— RECORD SET —
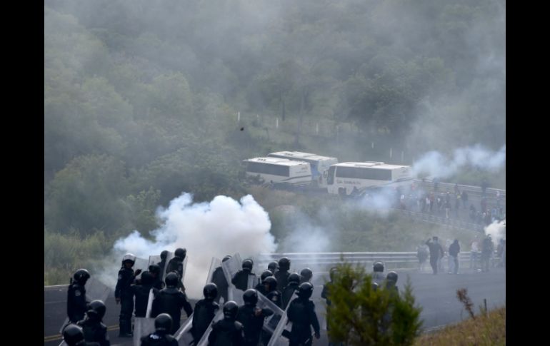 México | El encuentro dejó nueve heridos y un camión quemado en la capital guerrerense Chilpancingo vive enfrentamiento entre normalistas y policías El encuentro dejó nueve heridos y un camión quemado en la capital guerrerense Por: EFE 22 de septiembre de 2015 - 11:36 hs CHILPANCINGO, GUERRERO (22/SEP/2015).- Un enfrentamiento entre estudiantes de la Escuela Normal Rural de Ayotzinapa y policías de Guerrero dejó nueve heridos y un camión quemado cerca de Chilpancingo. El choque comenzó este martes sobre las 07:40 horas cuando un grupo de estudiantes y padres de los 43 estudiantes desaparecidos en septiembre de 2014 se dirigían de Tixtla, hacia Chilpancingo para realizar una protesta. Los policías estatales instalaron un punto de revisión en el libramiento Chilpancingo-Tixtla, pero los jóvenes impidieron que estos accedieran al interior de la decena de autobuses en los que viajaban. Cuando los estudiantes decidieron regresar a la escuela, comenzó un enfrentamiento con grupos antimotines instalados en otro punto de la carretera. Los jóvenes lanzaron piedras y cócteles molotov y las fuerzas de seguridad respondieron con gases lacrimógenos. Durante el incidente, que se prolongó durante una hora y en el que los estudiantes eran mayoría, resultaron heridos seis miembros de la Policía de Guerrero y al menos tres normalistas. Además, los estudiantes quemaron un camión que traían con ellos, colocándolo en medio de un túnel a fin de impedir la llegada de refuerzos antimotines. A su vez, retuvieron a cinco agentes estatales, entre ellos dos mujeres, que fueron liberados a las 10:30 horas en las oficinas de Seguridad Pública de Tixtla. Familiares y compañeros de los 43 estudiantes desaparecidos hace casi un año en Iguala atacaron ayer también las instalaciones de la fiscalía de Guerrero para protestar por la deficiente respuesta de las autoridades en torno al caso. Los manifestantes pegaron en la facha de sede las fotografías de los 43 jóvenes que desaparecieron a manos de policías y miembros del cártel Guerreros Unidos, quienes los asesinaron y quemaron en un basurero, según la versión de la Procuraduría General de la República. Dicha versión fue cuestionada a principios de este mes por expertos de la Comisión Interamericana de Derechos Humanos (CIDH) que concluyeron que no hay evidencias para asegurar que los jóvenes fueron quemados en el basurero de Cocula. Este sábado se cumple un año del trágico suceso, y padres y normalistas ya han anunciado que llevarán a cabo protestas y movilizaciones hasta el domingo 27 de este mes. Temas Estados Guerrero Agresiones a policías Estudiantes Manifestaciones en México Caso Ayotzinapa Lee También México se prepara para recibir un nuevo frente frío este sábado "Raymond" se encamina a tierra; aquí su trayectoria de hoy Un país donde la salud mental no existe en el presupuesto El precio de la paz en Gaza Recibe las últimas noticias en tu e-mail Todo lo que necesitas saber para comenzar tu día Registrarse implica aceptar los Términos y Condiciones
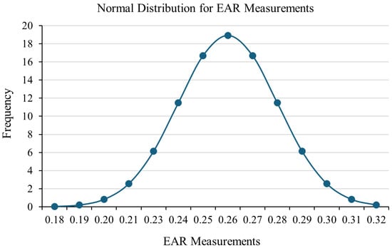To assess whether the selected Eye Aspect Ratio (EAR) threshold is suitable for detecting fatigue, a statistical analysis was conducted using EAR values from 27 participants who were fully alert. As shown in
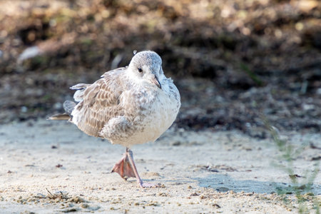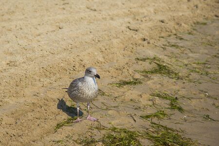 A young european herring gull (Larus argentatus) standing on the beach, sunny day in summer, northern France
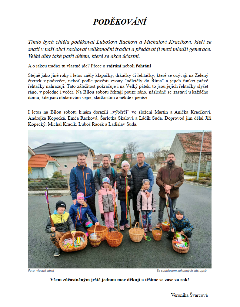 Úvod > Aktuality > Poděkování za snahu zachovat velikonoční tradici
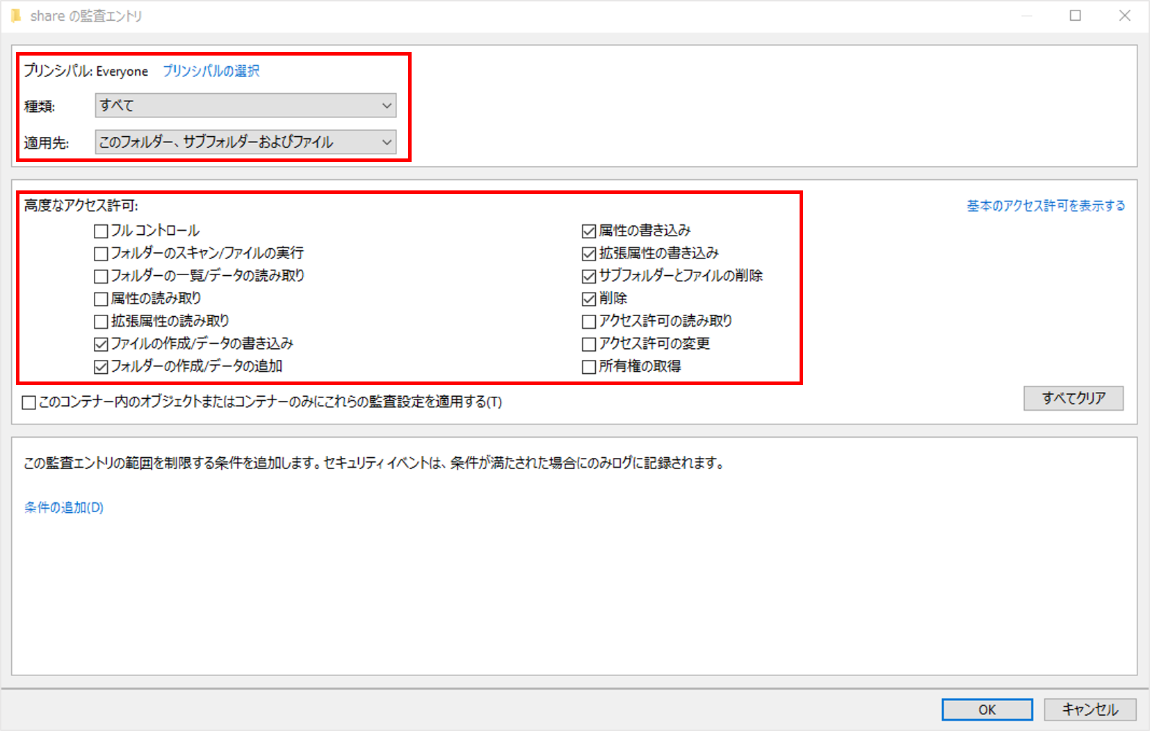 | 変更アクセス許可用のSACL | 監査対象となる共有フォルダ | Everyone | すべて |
--
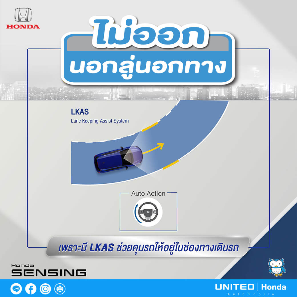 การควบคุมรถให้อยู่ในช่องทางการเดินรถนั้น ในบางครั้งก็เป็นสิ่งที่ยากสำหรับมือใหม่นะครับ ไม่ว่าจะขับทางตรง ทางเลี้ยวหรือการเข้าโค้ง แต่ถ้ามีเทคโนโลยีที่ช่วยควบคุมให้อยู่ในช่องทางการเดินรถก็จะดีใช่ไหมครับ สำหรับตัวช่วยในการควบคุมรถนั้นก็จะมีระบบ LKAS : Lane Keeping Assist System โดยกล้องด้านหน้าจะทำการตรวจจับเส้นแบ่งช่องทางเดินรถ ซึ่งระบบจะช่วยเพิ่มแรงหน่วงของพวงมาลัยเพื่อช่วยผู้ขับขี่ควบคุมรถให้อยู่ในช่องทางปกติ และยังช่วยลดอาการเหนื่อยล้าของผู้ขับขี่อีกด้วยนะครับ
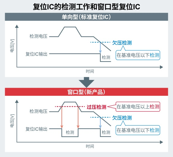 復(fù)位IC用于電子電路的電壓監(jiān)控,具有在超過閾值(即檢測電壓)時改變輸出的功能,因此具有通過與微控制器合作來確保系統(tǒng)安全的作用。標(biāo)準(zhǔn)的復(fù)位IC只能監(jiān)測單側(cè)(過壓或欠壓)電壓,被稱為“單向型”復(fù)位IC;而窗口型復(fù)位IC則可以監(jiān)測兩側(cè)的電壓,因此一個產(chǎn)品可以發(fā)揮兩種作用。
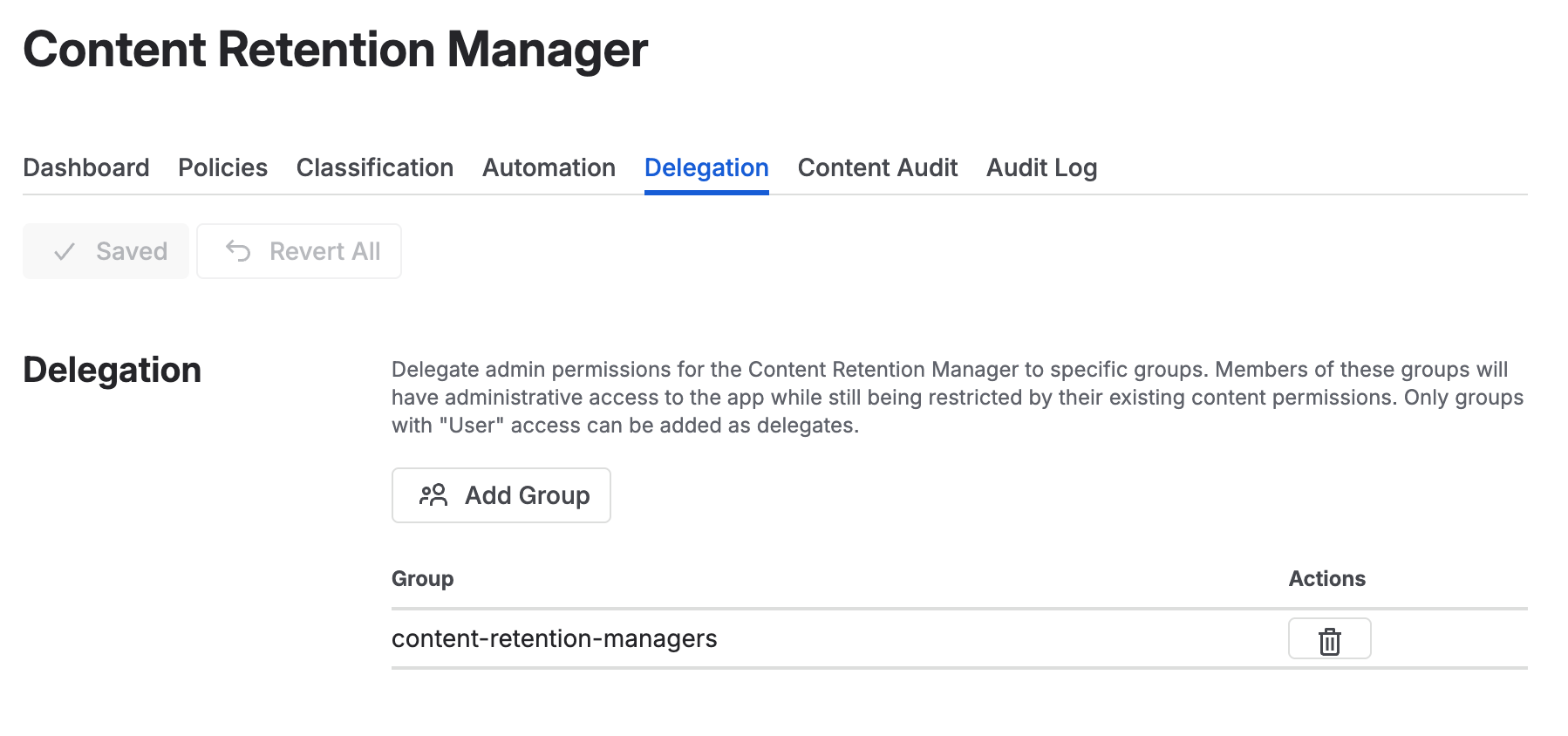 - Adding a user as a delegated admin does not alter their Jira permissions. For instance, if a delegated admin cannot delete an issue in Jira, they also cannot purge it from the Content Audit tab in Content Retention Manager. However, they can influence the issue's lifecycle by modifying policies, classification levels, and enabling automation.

— WORK INSTRUCTIONS —
Copy the listing above exactly, but only from the line with "Úvod > Aktuality" through the line with "Everyone | すべて |", including those two lines and excluding any picture.

— COMPLETED TASK —
 Úvod > Aktuality > Poděkování za snahu zachovat velikonoční tradici
 | 変更アクセス許可用のSACL | 監査対象となる共有フォルダ | Everyone | すべて |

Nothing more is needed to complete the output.